Mengunyah Pinang Tak Mungkin Hilang


Budaya Mengunyah Pinang Masyarakat Papua

Payung yang terbuat dari bahan campuran kertas dan plastik, tak membuat mama-mama penjual pinang beringsut dari tempat duduk mengelar dagangannya. Di sepanjang ruas jalan Waena-Abepura, mereka tetap bertahan dari sengatan matahari dan terpaan angin malam sepanjang hari. Para pedagang pinang itu ada yang memulai usahanya sejak lima, atau bahkan puluhan tahun silam.

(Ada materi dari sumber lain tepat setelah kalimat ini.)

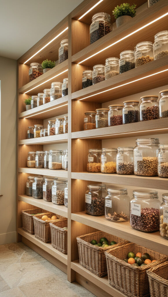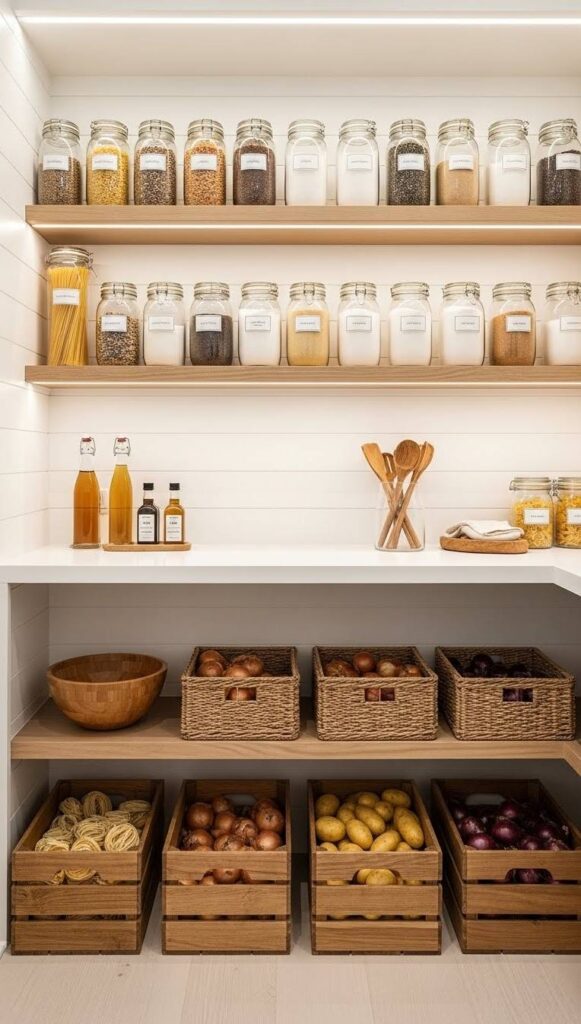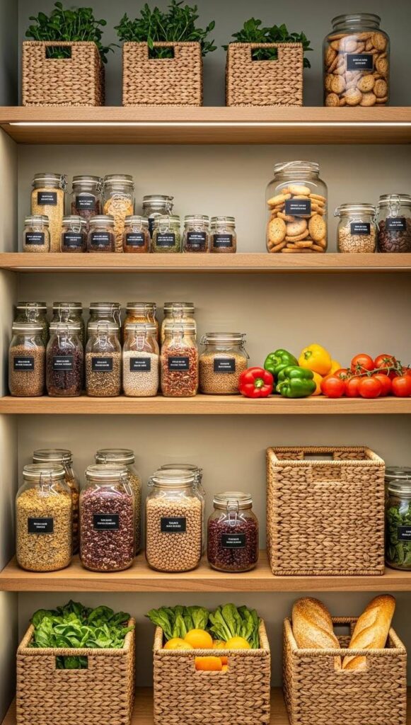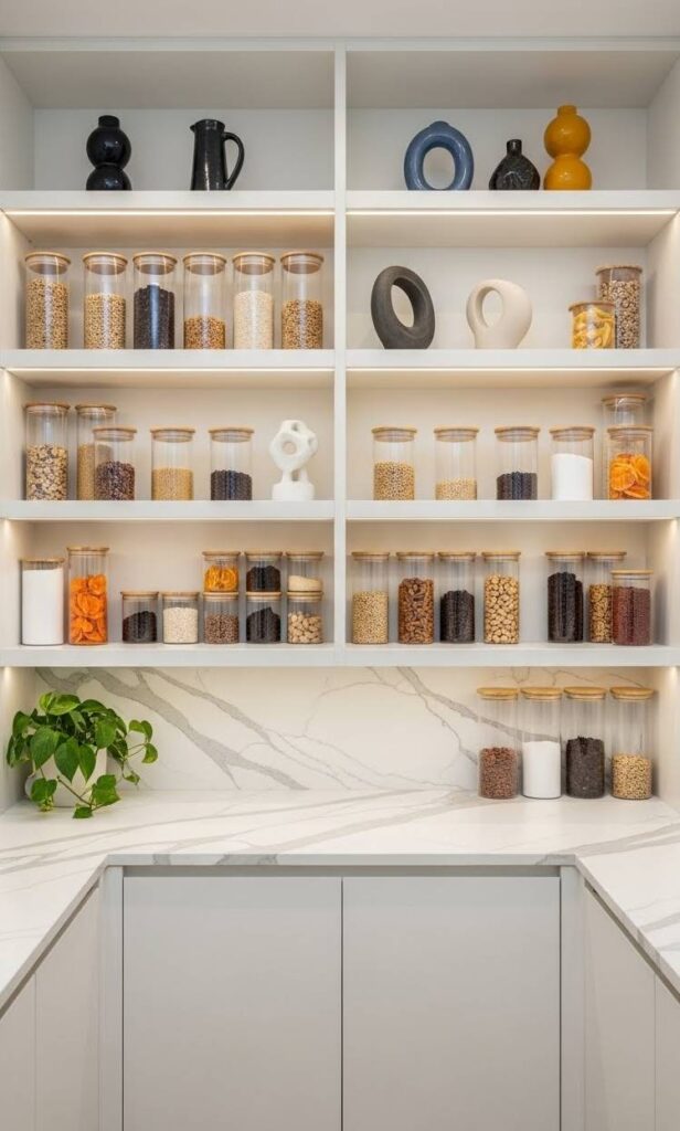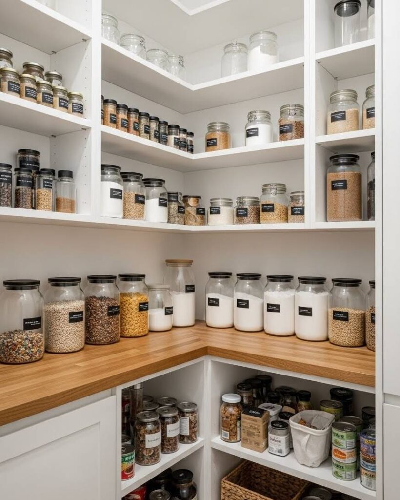 In aesthetic minimalist pantry ideas, labels are not just functional. They are a design element. The font matters.

Berbentuk lonjong pipih, bak bola rugby, berwarna hijau-kekuning-kuningan buah pinang memang lain dari buah sejenis tanaman famili Palma lainnya. Jangan heran bila banyak kalangan, tanpa membeda-bedakan umur, suku dan status social, buah pinang merupakan sarana pergaulan di Papua. Tak mengherankan bila buah pinang selalu disajikan pada waktu hajatan upacara perkawinan, upacara adat dan di tempat-tempat berkumpul lain.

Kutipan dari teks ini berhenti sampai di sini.